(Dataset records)
Segment Open
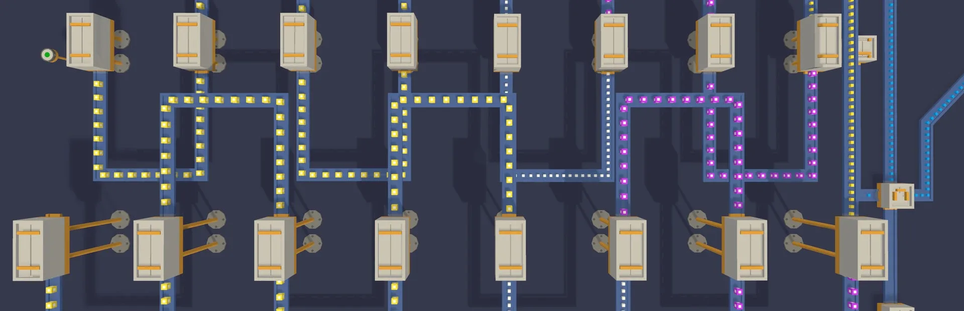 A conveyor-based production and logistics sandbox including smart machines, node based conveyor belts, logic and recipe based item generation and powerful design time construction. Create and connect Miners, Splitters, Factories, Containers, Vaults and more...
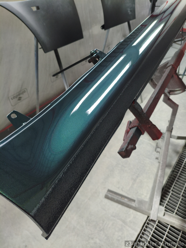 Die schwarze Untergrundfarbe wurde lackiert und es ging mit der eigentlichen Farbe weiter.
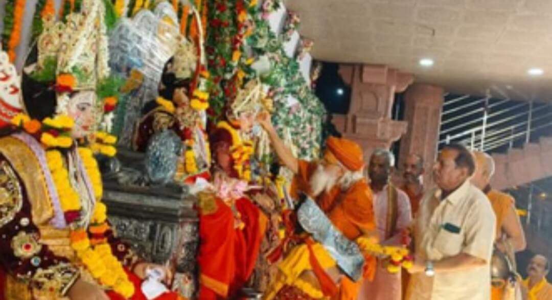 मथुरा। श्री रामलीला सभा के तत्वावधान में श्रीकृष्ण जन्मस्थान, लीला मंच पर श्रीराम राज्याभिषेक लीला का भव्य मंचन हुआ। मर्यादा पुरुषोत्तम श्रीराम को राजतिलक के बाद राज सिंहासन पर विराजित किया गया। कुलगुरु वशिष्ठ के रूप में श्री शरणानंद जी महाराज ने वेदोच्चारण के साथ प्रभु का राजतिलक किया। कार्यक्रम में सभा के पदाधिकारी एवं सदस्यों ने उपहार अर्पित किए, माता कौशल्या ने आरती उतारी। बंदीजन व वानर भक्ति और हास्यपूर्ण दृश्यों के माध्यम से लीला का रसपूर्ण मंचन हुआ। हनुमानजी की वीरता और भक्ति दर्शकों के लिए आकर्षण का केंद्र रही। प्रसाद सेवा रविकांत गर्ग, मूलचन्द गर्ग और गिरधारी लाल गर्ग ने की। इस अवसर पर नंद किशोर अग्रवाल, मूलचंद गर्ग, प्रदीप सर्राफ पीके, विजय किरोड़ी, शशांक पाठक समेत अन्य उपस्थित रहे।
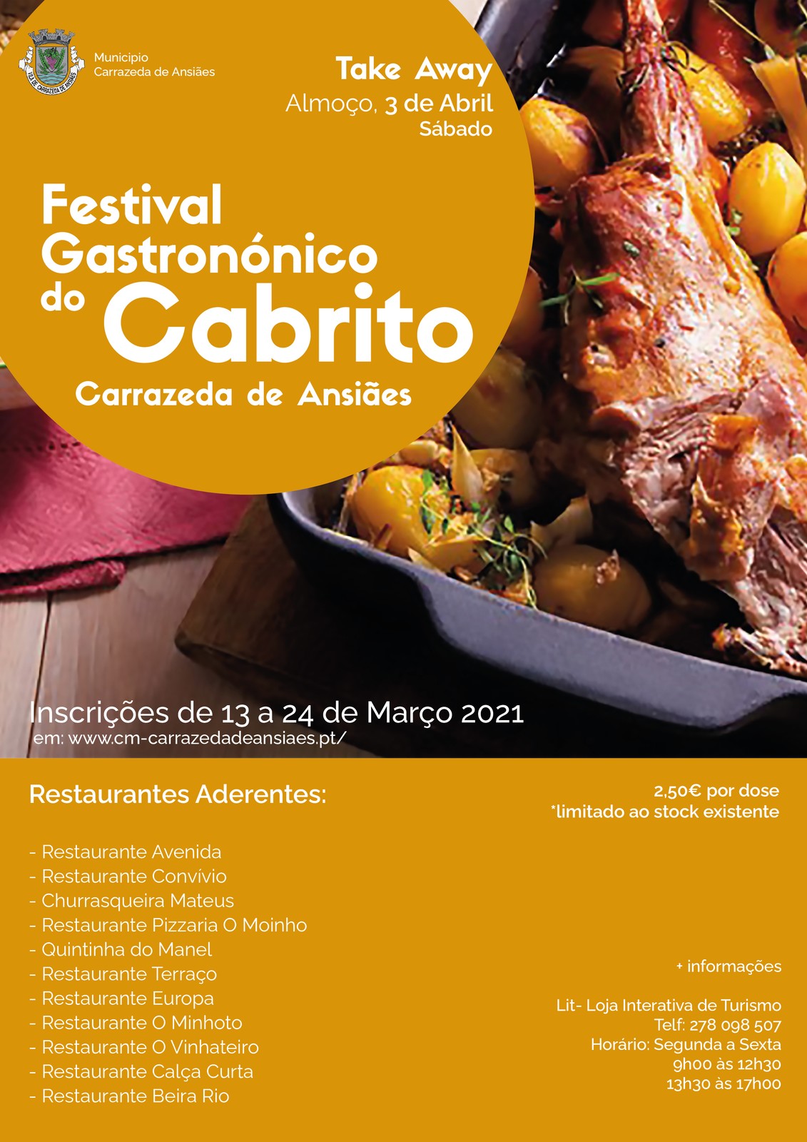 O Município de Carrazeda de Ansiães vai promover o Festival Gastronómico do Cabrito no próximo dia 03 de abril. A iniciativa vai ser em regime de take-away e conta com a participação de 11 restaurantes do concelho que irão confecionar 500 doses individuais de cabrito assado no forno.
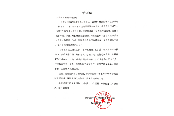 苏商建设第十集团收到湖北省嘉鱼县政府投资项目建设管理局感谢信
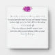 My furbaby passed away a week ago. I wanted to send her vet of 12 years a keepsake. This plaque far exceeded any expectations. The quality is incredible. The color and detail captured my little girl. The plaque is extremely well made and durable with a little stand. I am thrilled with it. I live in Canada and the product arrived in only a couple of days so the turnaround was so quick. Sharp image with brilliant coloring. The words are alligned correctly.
Segment Closed
**Exercise details:** Please leave out the pictures as you reproduce the lines exactly, from the first line of the entries through the line containing "Die schwarze Untergrundfarbe".

**Solution:**
 A conveyor-based production and logistics sandbox including smart machines, node based conveyor belts, logic and recipe based item generation and powerful design time construction. Create and connect Miners, Splitters, Factories, Containers, Vaults and more...
 Die schwarze Untergrundfarbe wurde lackiert und es ging mit der eigentlichen Farbe weiter.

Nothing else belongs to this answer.